Top of Recorded information
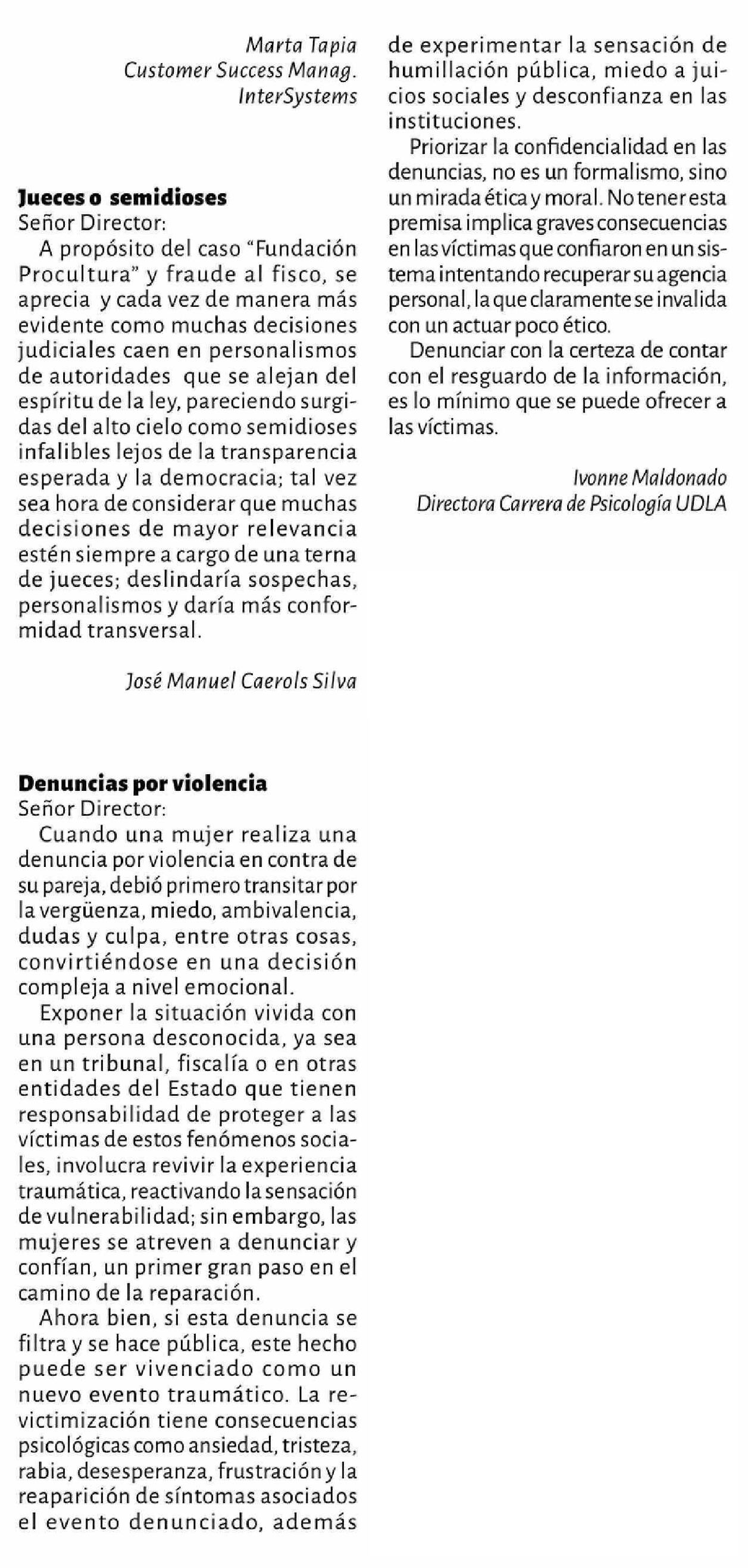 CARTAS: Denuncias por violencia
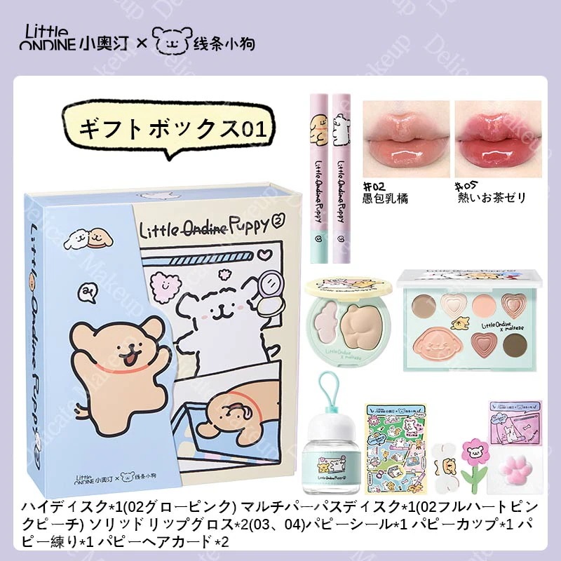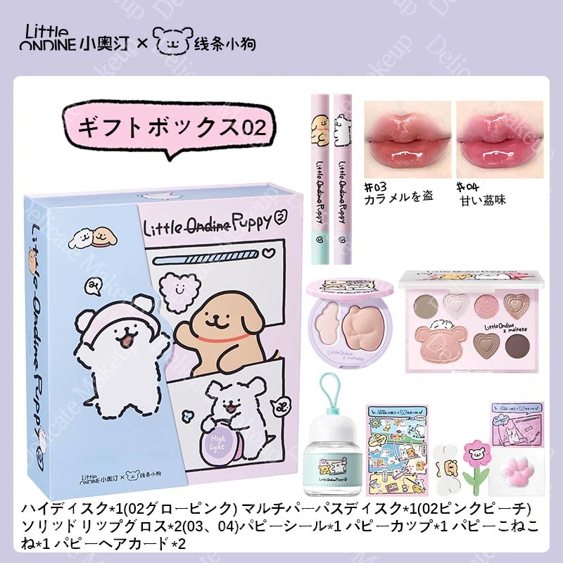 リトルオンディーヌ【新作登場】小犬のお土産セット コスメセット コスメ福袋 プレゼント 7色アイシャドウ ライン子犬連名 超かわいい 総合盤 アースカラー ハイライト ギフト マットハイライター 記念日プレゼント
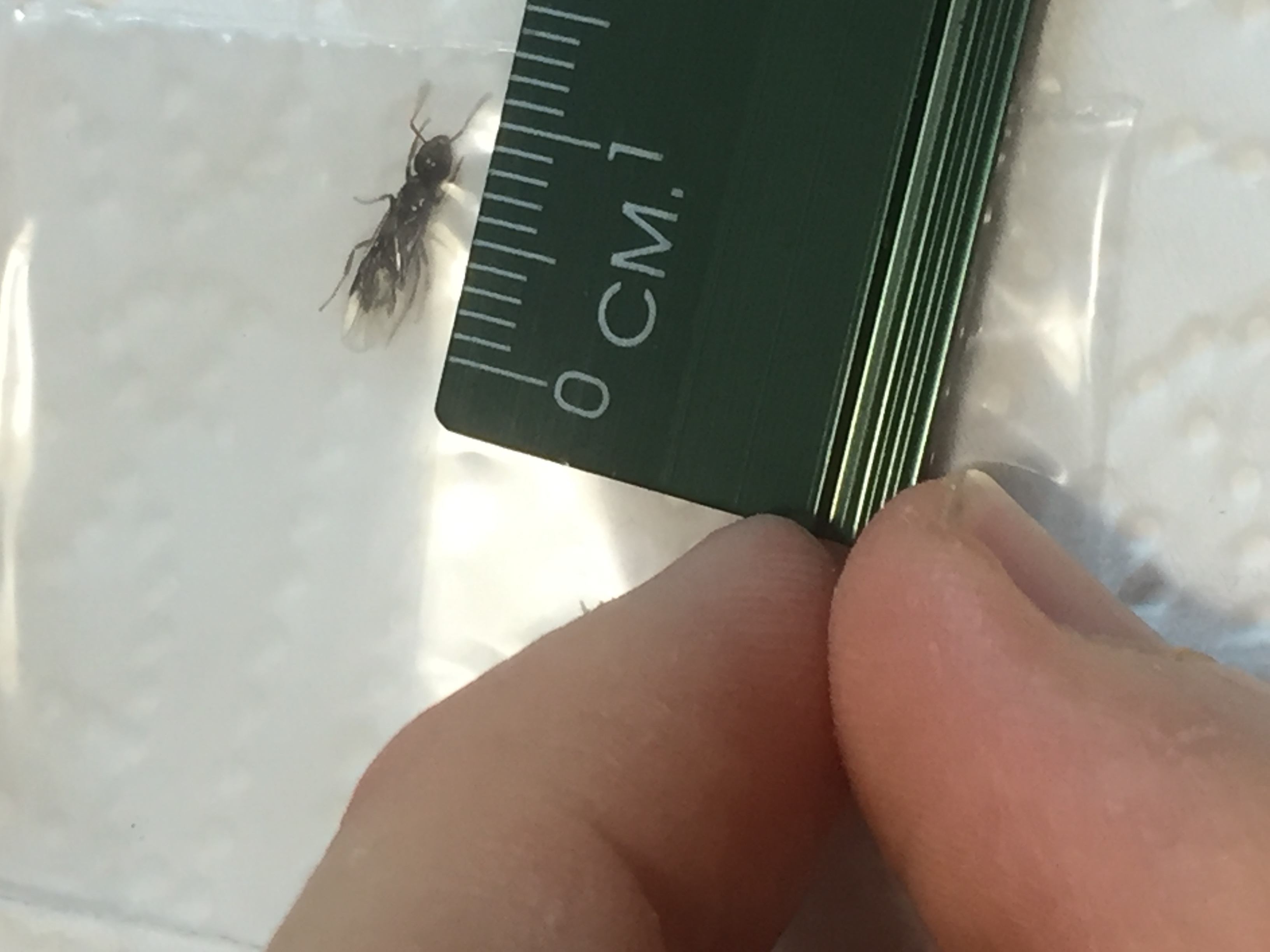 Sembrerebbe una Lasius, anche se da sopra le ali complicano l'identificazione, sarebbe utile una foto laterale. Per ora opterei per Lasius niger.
Bottom of Recorded information
**Description of the task**
The answer must repeat every line of the listing exactly and leave the pictures out.

**Task response**
 CARTAS: Denuncias por violencia
 リトルオンディーヌ【新作登場】小犬のお土産セット コスメセット コスメ福袋 プレゼント 7色アイシャドウ ライン子犬連名 超かわいい 総合盤 アースカラー ハイライト ギフト マットハイライター 記念日プレゼント
 Sembrerebbe una Lasius, anche se da sopra le ali complicano l'identificazione, sarebbe utile una foto laterale. Per ora opterei per Lasius niger.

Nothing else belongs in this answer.